Design Patterns | Classification

A design pattern is a generic, repeatable solution to a frequent issue in software design. Many software developers over a sizable period of time came up with these solutions through trial and error. They are like pre-made blueprints that can be customized to solve a recurring design problem in the code.

  Characterization (Purpose)
Creational Structural Behavioural
Scope Class Factory Method Adapter(class)
  Bridge (class) Template Method
Object Abstract Factory Adapter(object) Chain Of Responsibility
Builder Bridge (object) Command
Prototype Composite Iterator
Singleton Decorator Mediator
  Glue (Facade) Memeto
  Flyweight Observer
  Proxy State
    Strategy
    Visitor
Compound Builder   Interpreter
  Composite Iterator (compound)
  Wrapper (Decorater) Walker (Visitor)

Jurisdiction/Scope is the domain over which the pattern applies.

  • Patterns with class scope deals with relationship between base classes and their sub-classes.
  • Patterns with object scope concerns  with relationship between peer objects.
  • Patterns with compound scope deals with recursive object structures.

Note: Some patterns capture concepts that span jurisdictions. e.g.

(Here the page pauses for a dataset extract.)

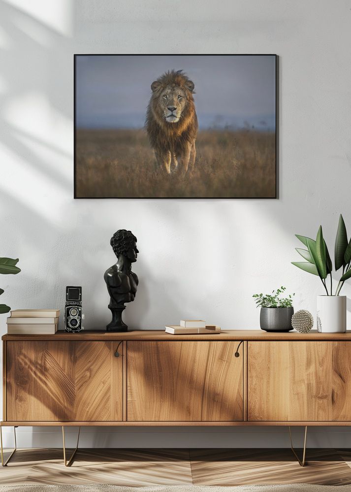 Denna imponerande poster fångar en majestätisk lejonhanne som stolt går över savannen. Den kraftfulla bilden framhäver lejonets styrka och naturliga skönhet, vilket gör den till ett perfekt tillskott för de som vill ha ett kraftfullt djurmotiv hemma. Denna affisch är idealisk för djurälskare och alla som uppskattar vilda djurs elegans och styrka.
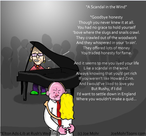 I was floored to find out that Elton John sang at Rush Limbaugh’s wedding. That is, until I heard what he sang…

Iteration applies to both collection of objects (object jurisdiction) and to recursive object structures(compound jurisdiction). Hence, there are both object and compound version of Iterator pattern.

Characterization/Purpose reflects what the pattern does.

  • Creational patterns concerns with the process of object creation. It deals with initializing and configuring classes and objects.
  • Structural patterns deals with composition of objects or classes. It deals with decoupling interface and implementation of classes & objects.
  • Behavioral patterns characterize the way in which classes or objects interact and distribute responsibilities. It deals with dynamic interaction among societies of classes & objects

Creational patterns

  • Factory Method: Creates an instance of several dereived classes
  • Abstract Factory: Factory for building related object
  • Builder: Separate an object construction from its implementation
  • Prototype: Factory for cloning new instances from a prototype
  • Singleton: A class of which a single object can exist

Structural patterns

  • Adapter: Match interface of different classes
  • Bridge: Separates on Object’s interface from its implementation
  • Composite: A tree structure of simple & composite objects
  • Decorator: A responsibilities of Objects dynamically
  • Facade: A single class that represents the entire subsystem.
  • Flyweight: A find-grained objects shared efficiently
  • Proxy: An object representing another object

Behavioral patterns

  • Chain Of Responsibility: Passes a request between a chain of objects
  • Command: Encapsulate a command request as an object
  • Iterator: Elements of a collection are accessed sequentially
  • Interpreter: Language elements are included
  • Mediator: Defines simplified communication between classes
  • Memento: Capture and restores an object’s internal state
  • Observer: A way of notifying change to a number of classes
  • State: Alter an object’s behavior when its state changes
  • Strategy: Encapsulates an algorithm inside a class
  • Visitor: Defines a new operation to a class without change
  • Template Method: Defer the exact steps of an algorithm to a subclass.

Benefits Of Design Patterns

  • Design patterns enable large scale ensure of software architectures and also help document systems
  • Patterns help improve developer communication
  • Patter names, form a common vocabulary
  • Pattern helps ease the transition to the Object Oriented technology

Drawbacks Of Design Patterns

  • Patterns do not lead to direct code reuse
  • Patterns are deceptively simple
  • Teams may suffer from pattern overload
  • integrating patterns is a human intensive activity

Suggestions for Effective Use

  • Clearly document when patterns apply and do not apply
  • Directly involve pattern authors with application developers and domain experts
  • Do not overdo patterns. Instead develop strategic domain patterns and reuse existing tactical patterns.